The place is important in demonstrating the evolution or pattern of Queensland's history.

The Mossman Shire Hall and Douglas Shire Council Chambers are important in demonstrating the pattern of Queensland's history, in particular the construction of civic buildings during the 1930s assisted by funding from relief and job-creation schemes. Civic projects - including shire and town halls, offices and chambers; community swimming pools; roads; bridges; and street and park beautification schemes - were undertaken throughout Queensland at this period as a result of these schemes, and as a group these places are important in articulating a particular historical period, the impact of State government initiatives to combat the economic depression, and design concepts popular at the time.

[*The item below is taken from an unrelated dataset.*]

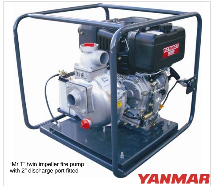
"Mr T" twin impeller fire pump with 2" discharge port fitted

Engine options include 7HP (recoil & electric start options) or 10HP electric start Yanmar diesel engines.

The Mossman Shire Hall and Douglas Shire Council Chambers is a substantial building for a small administrative centre, and in this it is important in illustrating the era of prosperity accompanying the expansion of the north Queensland sugar industry during the 1920s and 1930s, and the shift during these years of the administrative heart of Douglas Shire from Port Douglas to Mossman in the State's northernmost sugar-growing district.

The place is important in demonstrating the principal characteristics of a particular class of cultural places.

The Mossman Shire Hall and Douglas Shire Council Chambers building is a good representative example of a regional civic complex. It remains substantially intact and is important in illustrating the principal characteristics of a 1930s civic building located in the centre of town on the corner of Mossman's principal streets, combining council offices and meeting rooms, retail spaces, and a large public hall with entry foyer, stage, fly-tower and dressing rooms. Early features include: steel-framed, multi-paned casement windows to the former offices; a cantilevered street awning with decorative metal edging; shop fronts with decorative ceramic tiles; timber cabinetry in the former chemist's shop; decorative plaster work to the ceilings of the former council offices; clerestory lights/ventilation panels in the roof of the hall; and timber floors throughout.

The Mossman Shire Hall and Douglas Shire Council Chambers is significant as a building designed by the architectural partnership of Hill and Taylor, prominent local architects in north Queensland during the interwar period, and contributes to our understanding of their portfolio of work across this part of the state.